La passione per l’alpinismo anche quest’estate ci sta restituendo già molte vittime. Ieri in Pakistan è morta una giovane donna, Cristina Castagna, dopo aver conquistato la vetta del Broad Peak (8.047 metri). A suo attivo aveva quattro altri ottomila. I familiari hanno trovato un biglietto scritto da lei prima di partire: “Se mi succederà qualcosa lasciatemi dove la montagna mi ha chiamato a sé“. “Le ultime parole d’amore” è il titolo del commento di Alberto Papuzzi su La Stampa.

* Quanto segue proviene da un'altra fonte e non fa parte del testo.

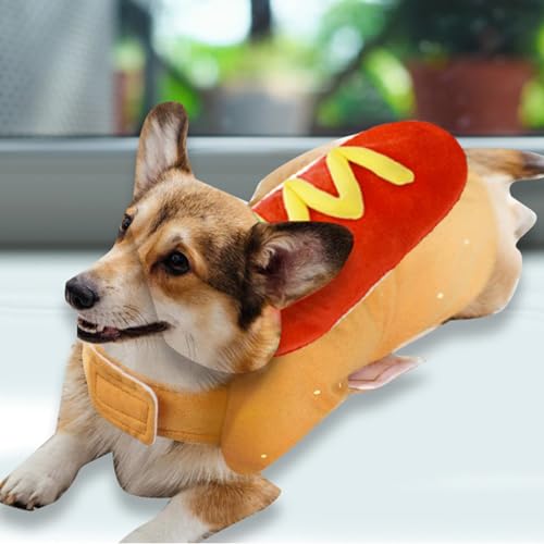Haustier Hot Dog Kostüm Hamburger Design Hund Kleidung Haustier Halloween Cosplay Outfit Weihnachtsfeier Dress Up für Welpen Kätzchen(L)

Mauro Corona, sul Corriere della Sera, lo chiama “il biglietto d’amore per la montagna“. C’è spesso la tendenza da parte degli altri alpinisti e dei media a circondare le morti “bianche” di un alone di eroismo. Ma questa morte è solo una terribile, tragica e triste conferma delle statistiche. La montagna, soprannominata K3, era il quinto ottomila di Cristina Castagna che stava ridiscendendo a valle.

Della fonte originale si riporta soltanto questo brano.